Using jabberwocky-type sentences, we tested the generalizability of certain closed-class word representations learned by neural networks. Giving the networks many examples of each construction with a large variety of different content words—that is, large amounts of highly varied evidence about the meaning of the closed-class words—we asked during the test phase how fragile this knowledge is when transferred to new open-class words. That is, our probes combine novel open-class words with familiar closed-class words, to test whether the closed-class words are treated systematically by the network.

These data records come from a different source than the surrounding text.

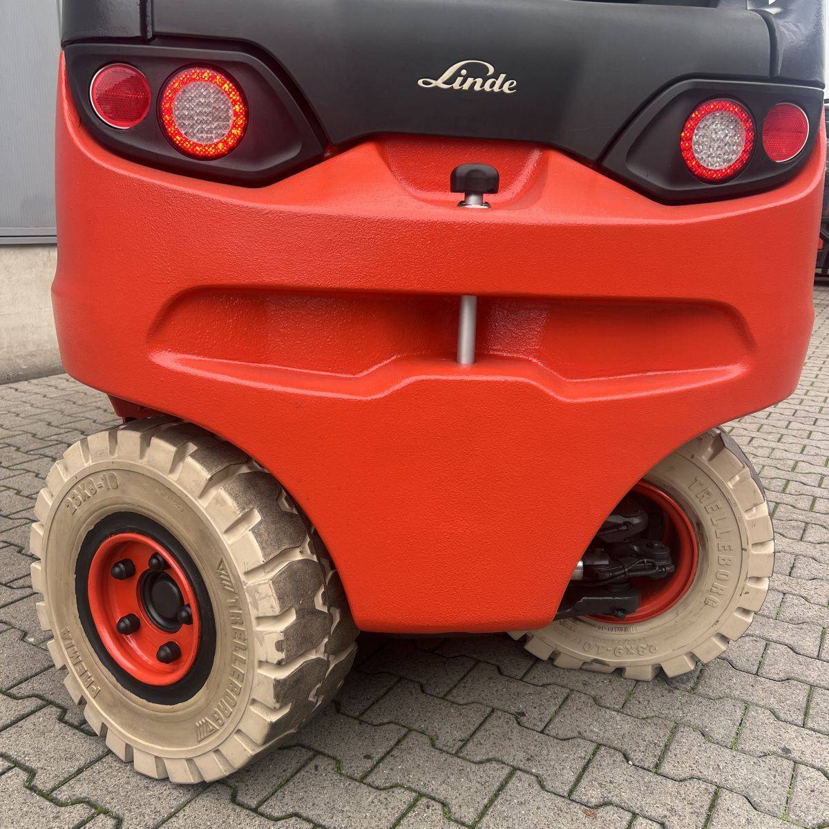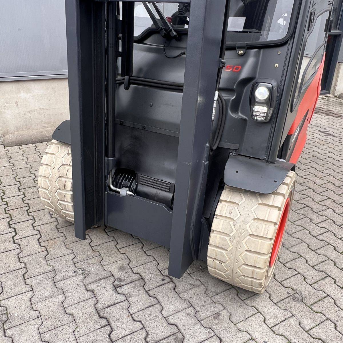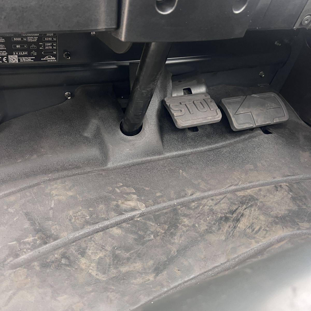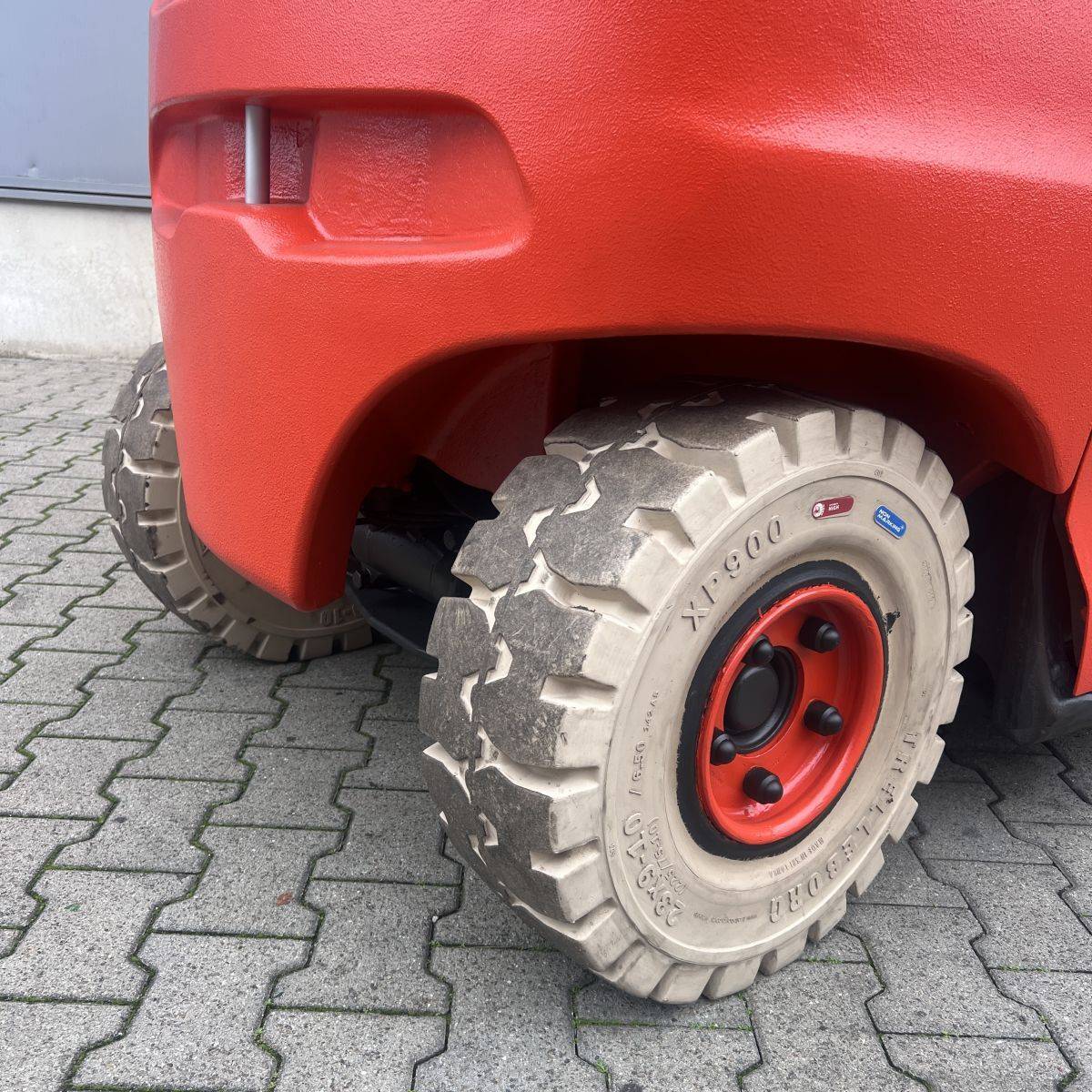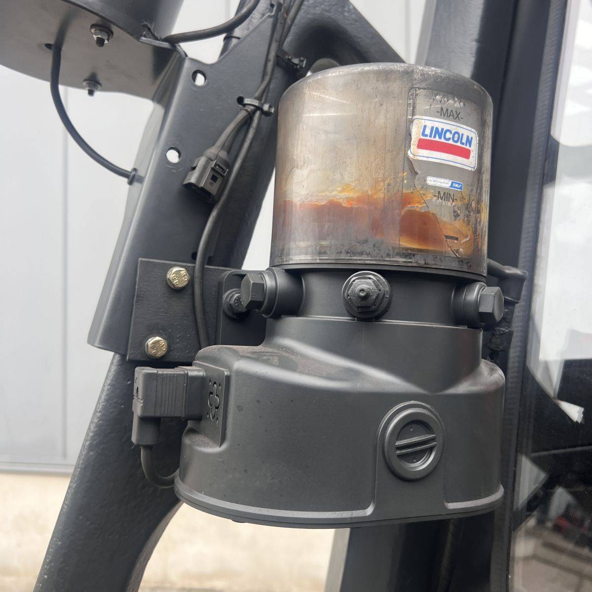 Only 1.870 hours, Load Center 600 mm. Low Container Version: Height of cabin (h6) 2.220 mm. Full cabin, 1 pedal operation, individual levers, heater, roadlights, 3rd and 4th valve, integral forkpositioner / sideshift, bolted forks 1.500 mm. Frame 1.400 mm, opening 400- 1.300 mm over forks. Can also be equipped with normal forkcarriage. Battery 6PzS930 Ah with autofill (2020) . Central greasing system. New Trelleborg Premia Non Marking Tyres.
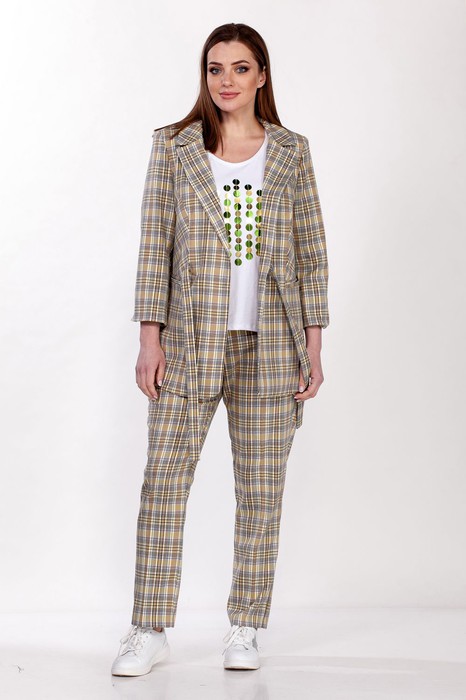 Брюки женские классические с высокой посадкой, полуприлегающего силуэта, выполнены из костюмной ткани в клетку с добавлением эластана. Пояс без резинки, с застежкой молнией на пуговицу. В боковых швах карманы с листочкой. Длина брюк 103 см.
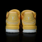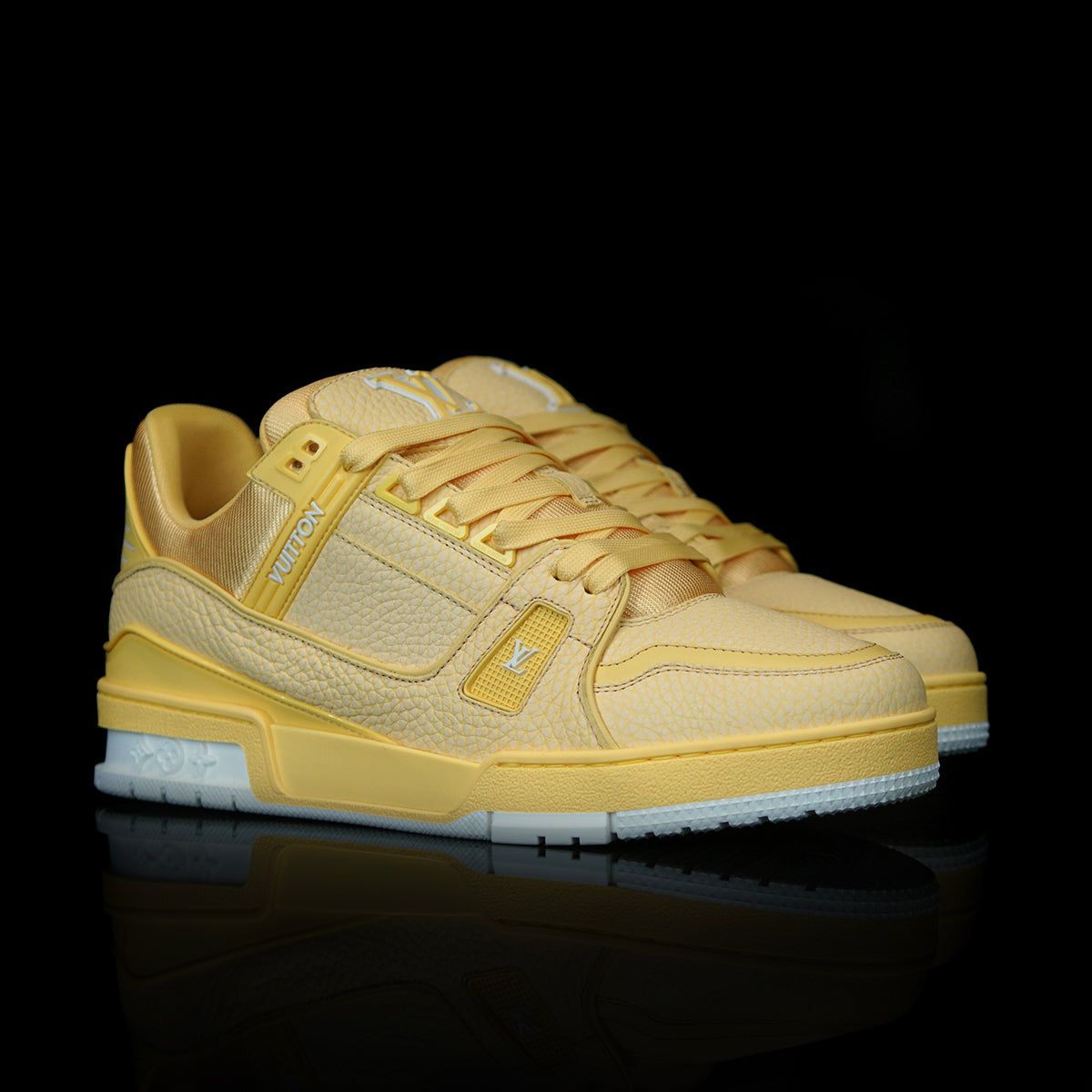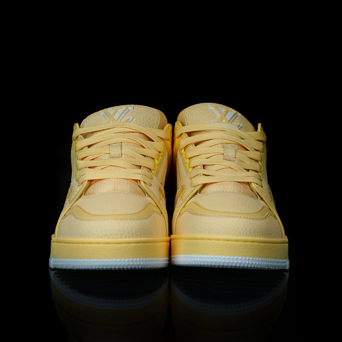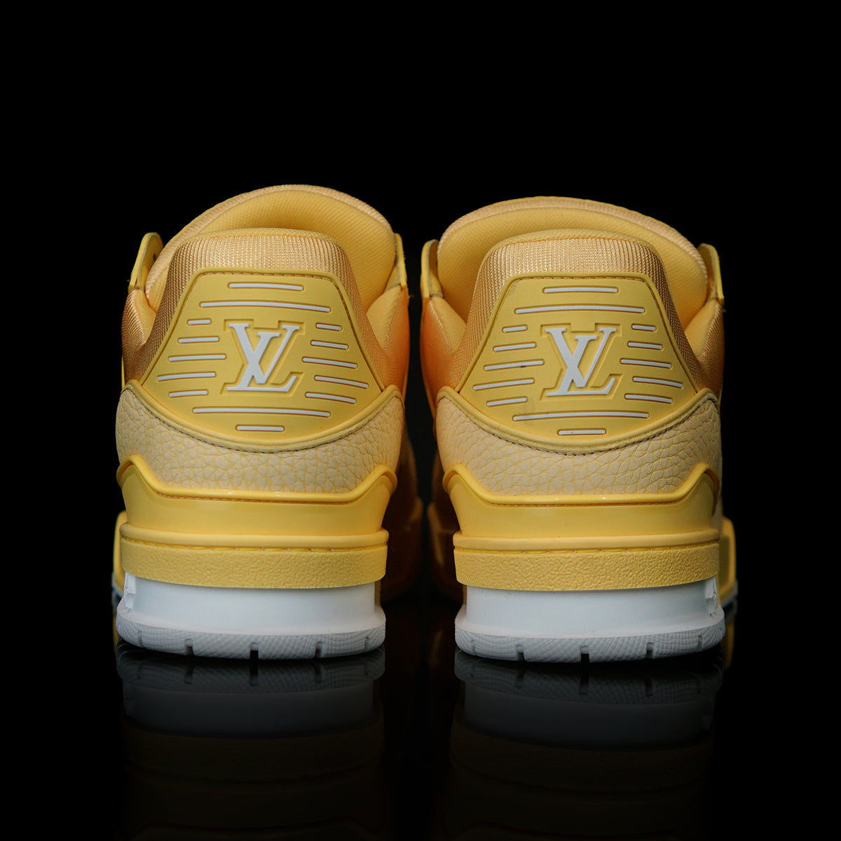 Presenting a vibrant rendition of the LV Trainers, crafted from grained calf leather and now offered in women's sizes. Originally conceived by Virgil Abloh, this cult classic draws inspiration from vintage basketball footwear. Its intricately crafted upper, requiring seven hours of meticulous stitching, is paired with a technical outsole embellished with Monogram Flowers, epitomising the fusion of luxury and sporty aesthetics
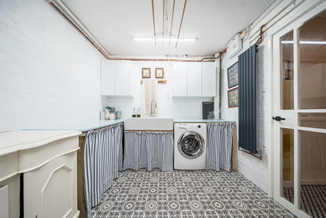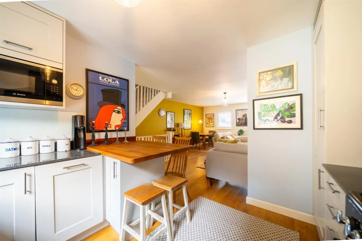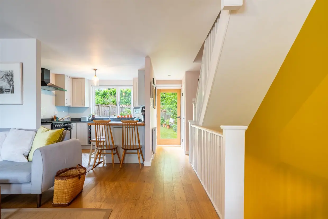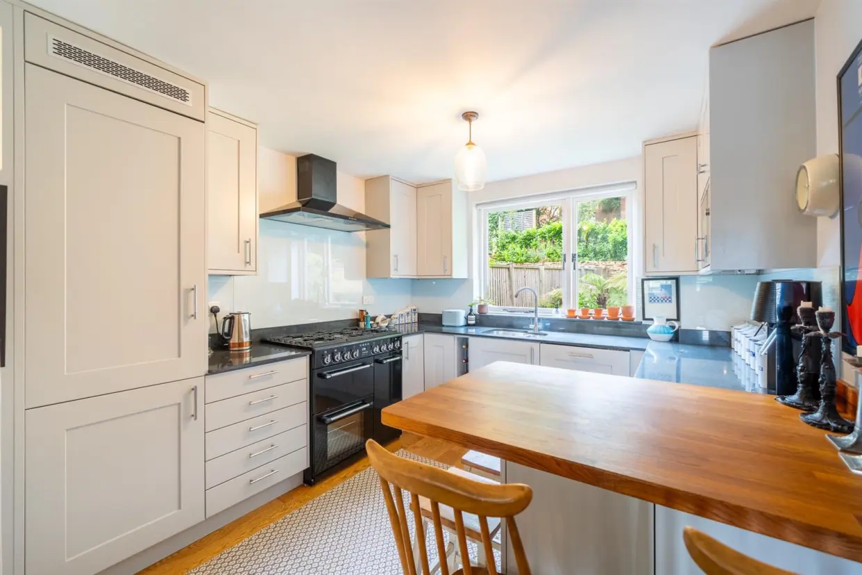 The first floor offers a stunning open-plan lounge and kitchen area, fitted with a range of classic units and appliances. A built-in storage cupboard enhances practicality, while a glazed door opens directly onto the easy-maintenance rear garden-perfect for entertaining or relaxing outdoors.
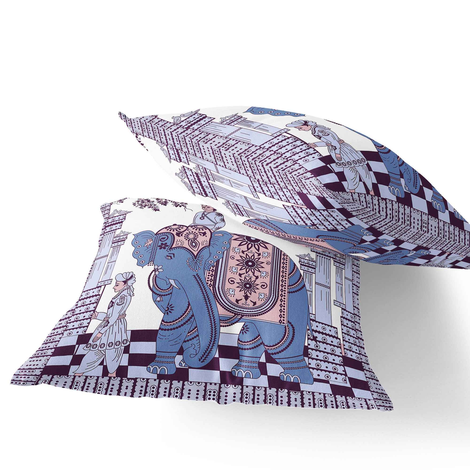 Set of Two 16" X 16" Blue and Purple Elephant Blown Seam Floral Indoor Outdoor Throw Pillow
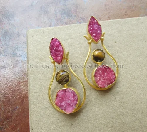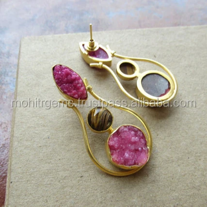 Women’s Stainless Steel Earrings Gold Plated Sugar Agate Tiger Eye Cabochon with Pearls & Diamonds Trendy Jewelry for Party Gift
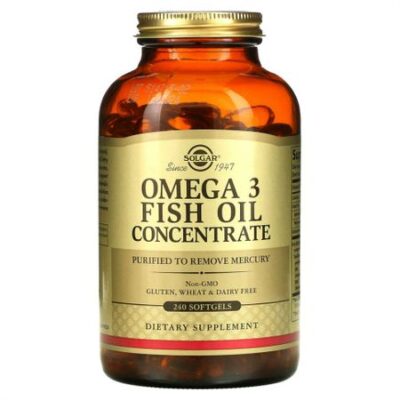 На рынке с 1947 года Продукт очищен от ртути Без ГМО Без глютена, пшеницы и молочных продуктов Пищевая добавкаДанный препарат представляет собой натуральный концентрированный источник незаменимых омега-3 жирных кислот ДГК и ЭПК, полученных из глубоководной холодолюбивой рыбы. ЭПК и ДГК поддерживают здоровье сердечно-сосудистой системы и суставов, способствуют укреплению иммунитета. Рыбий жир в составе данного препарата прошел испытания на оптимальную чистоту. Сырье проходит молекулярную возгонку, в результате которой удаляется ртуть.
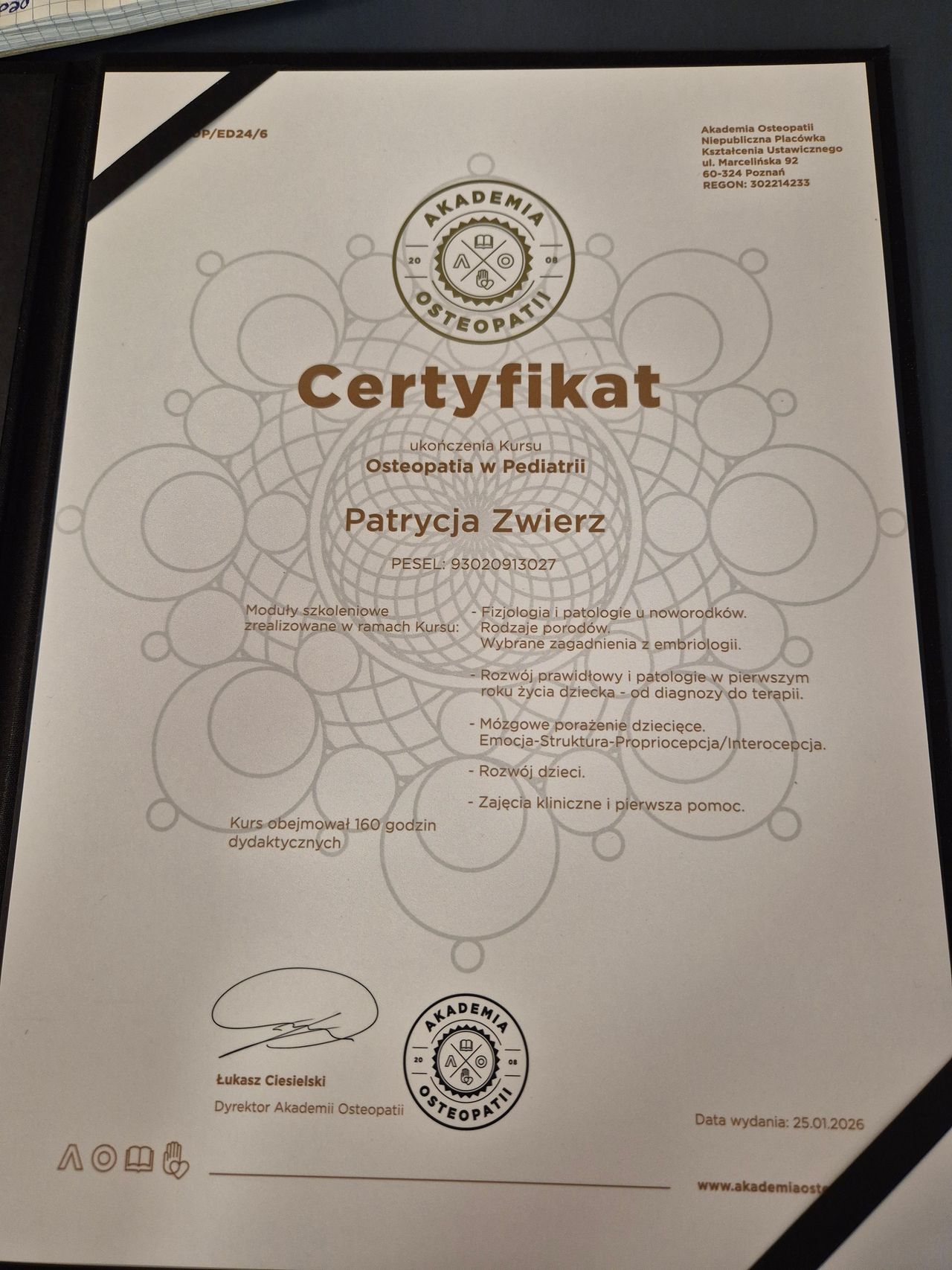 Nazywam się Patrycja Zwierz, w 2018r. obroniłam tytuł magistra fizjoterapii na Uniwersytecie Medycznym im. Piastów Śląskich we Wrocławiu i w tym samym roku podjęłam 4-letnie studia z Medycyny Osteopatycznej na Akademii Osteopatii w Warszawie. A następnie w ukończyłam Osteopatię Pediatryczną na Akademii Osteopatii w Poznaniu. To była długa, ale cenna droga, która pozwoliła mi zrozumieć jak funkcjonuje ludzki organizm.
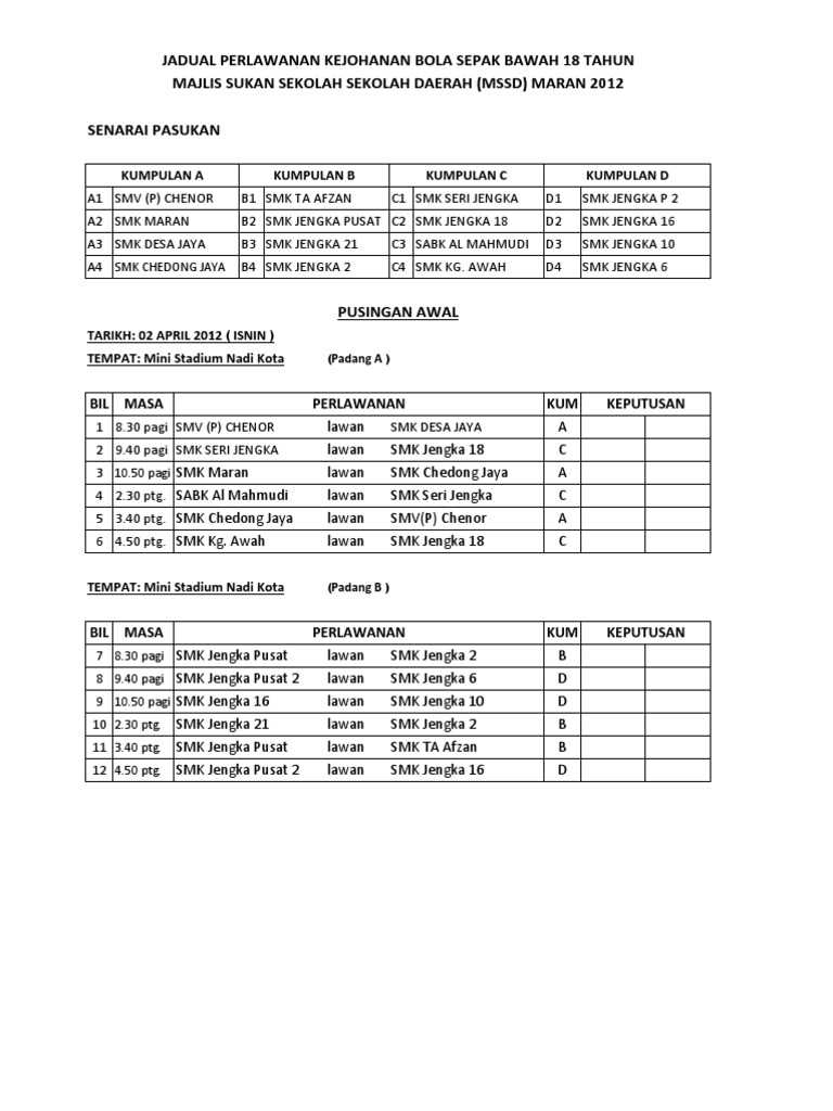 Jadual Bola Sepak B18 Mssd 2012 Pdf
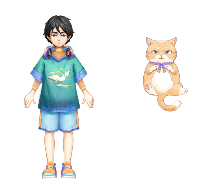 洲明團隊深入挖掘中華傳統文化,在形象設計上融合祥云、仙鶴等典型的南昌在地文化形象與國潮IP、時尚等元素,而男孩與橘貓八尾的羈絆也寓意著南昌既有人情味,也是一座充滿想象力的城市。

For example, we might train the networks to identify contradictions in pairs like

All pigs sleep; some pigs don’t sleep, and test whether the network can identify the contradiction in a pair like All Jabberwocks flug; some Jabberwocks don’t flug. A systematic learner would reliably identify the contradiction, whereas a non-systematic learner may allow the closed-class words (all, some, don’t) to take on contextually conditioned meanings that depend on the novel context words.

4 Related Work

There has been much interest in the problem of systematic generalization in recent years (Bahdanau et al., 2019; Bentivogli et al., 2016; Lake et al., 2017a, b; Gershman and Tenenbaum, 2015; McCoy et al., 2019a; Veldhoen and Zuidema, 2017; Soulos et al., 2019; Prasad et al., 2019; Richardson et al., 2019; Johnson et al., 2017, inter alia).

In contrast to our approach (testing novel words in familiar combinations), many of these studies probe systematicity by testing familiar words in novel combinations. Lake and Baroni (2018) adopt this approach in semantic parsing with an artificial language known as SCAN. Dasgupta et al. (2018, 2019)

introduce a naturalistic NLI dataset, with test items that shuffle the argument structure of natural language utterances. In the in the inductive logic programming domain,

Sinha et al. (2019) introduced the CLUTTR relational-reasoning benchmark. The novel-combinations-of-familiar-words approach was formalized in the CFQ dataset and associated distribution metric of Keysers et al. (2019). Ettinger et al. (2018) introduced a semantic-role-labeling and negation-scope labeling dataset, which tests compositional generalization with novel combinations of familiar words and makes use of syntactic constructions like relative clauses. Finally, Kim et al. (2019) explore pre-training schemes’ abilities to learn prepositions and wh-words with syntactic transformations (two kinds of closed-class words which our work does not address).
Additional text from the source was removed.